Sunday, April 13, 2014

Day of Rest....

I thought I would update my blog for once.  It isn't because I have time, I can promise you!  But, I did promise myself that while Gabriel is napping and the kids are watching their weekend movie, I would do something that is not at all productive- something I want to do, something relaxing with no other purpose than because I feel like doing it.  Oh, it is difficult!  How I envy my husband, who can shut down his brain completely when given the chance to relax.  I sit down and immediately think of 5 or 6 things that urgently need to be done- laundry that needs to be changed over, that book that I am in the middle of, prayers that need to be said, lunch for the kids that is a bit overdue, winter coats that need to be packed and stored away until next year, you get the picture...  

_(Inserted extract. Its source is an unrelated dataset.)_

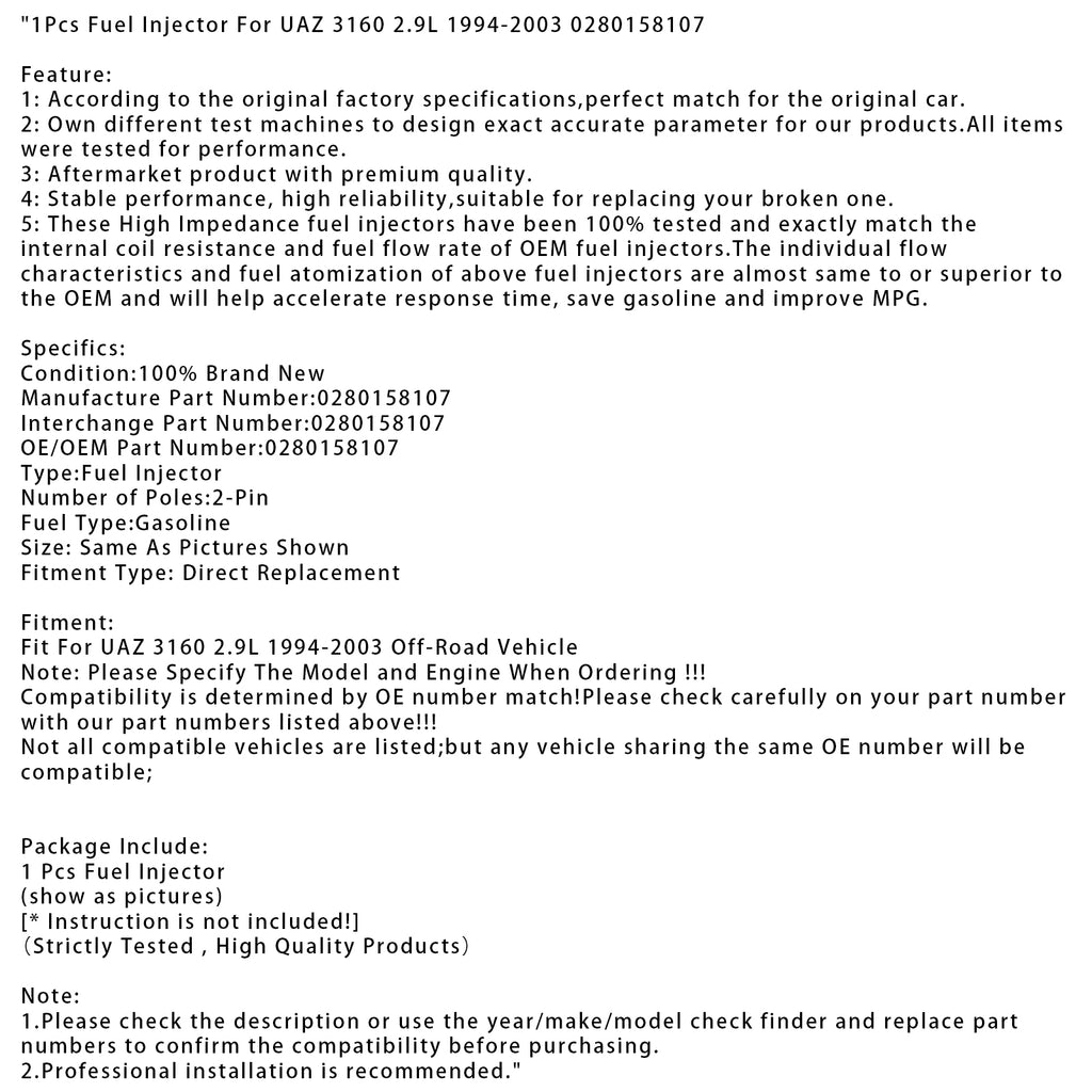 1Pcs Fuel Injector For UAZ 3160 2.9L 1994-2003 0280158107

People are not supposed to live this way, don't you agree?   It is an interesting commandment that the Lord asked us not to work one day a week.   It reminds me of one of my favorite scripture verses, one that I go to when my type A personality gets the best of me:

It is in vain that you rise up early
and go late to rest
eating the bread of anxious toil
the Lord gives to His beloved sleep (psalm 127: 2)

Of course there are verses also that say:

A little sleep, a little slumber
a little folding of the hands to rest,
and poverty will come upon you like a robber
and want like an armed man. (Prov. 24:33-34)

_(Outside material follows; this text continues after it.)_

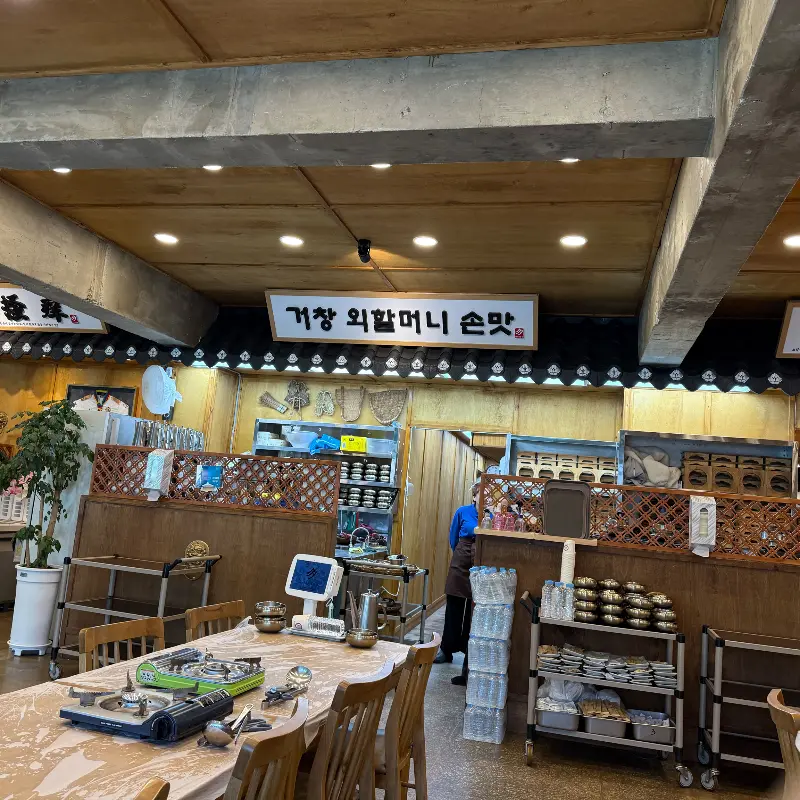 수승대의 정취를 만끽하고 돌아오는 길, 든든한 한 끼 식사를 위해 ‘다우리밥상’으로 향했다. 거창 지역민들의 추천이 자자한 곳이라, 방문 전부터 기대감이 컸다. 특히 부모님을 모시고 가기 좋은 곳이라는 평이 많아 더욱 설레는 마음으로 발걸음을 옮겼다. 넓은 주차장에 차를 대고 안으로 들어서니, 깔끔하고 고급스러운 인테리어가 눈에 띄었다. 은은한 조명 아래 펼쳐진 넓은 공간은 편안함과 안정감을 주었고, 테이블 간 간격도 넉넉해서 가족 외식이나 단체 모임에도 안성맞춤이라는 생각이 들었다.

I don't intend to make an intellectual argument here, it is just something I think about from time to time.  I wonder where the balance is, the right amount that is most pleasing to God.  I suppose is varies from person to person, and depends on the time and season of life...  Am I trusting in the Lord to be my provider, but working diligently when he asks me to, or am I relying too much on my own efforts?  I believe when we have the right answer we have peace...

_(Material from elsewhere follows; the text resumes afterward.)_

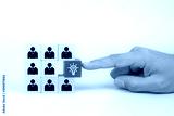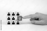 Close up hand choosing a light bulb on people icon on cube wooden toy blocks concepts of human resources for business team organizations and leadership.

On the same note, this peace seems at many times in my life to allude me, with one major exception.   For some reason, when I am pregnant- participating in the beautiful creativity of the Lord and lending my body to this exceptional task- I tend to be at peace.  This peace extends to so many areas of my life that in many ways, I prefer to be pregnant that not pregnant!    For example, when pregnant, if I am tired, I rest (or at least try to- hard sometimes with 4 little boys).  When I am hungry, I eat and know that my body needs to be nourished, as does that of the little person growing.  If I gain a little weight (or a lot), I buy bigger clothes and chalk it up to "Well, thats just how pregnancy goes!".  It is funny, whatever my other goals are, whether they be personal, or pertaining to my kids school, etc. I can put them in second place and say to myself, "Growing a baby is a big task.  Do those things when there is time, approach patiently, trust in God, it will all come together."  And you know what?  It does.  I actually usually get as much or more done/ accomplished that way.   Perhaps it is a particular grace that the Lord gives me when I am pregnant.  Perhaps others feel this way as well.  I don't know.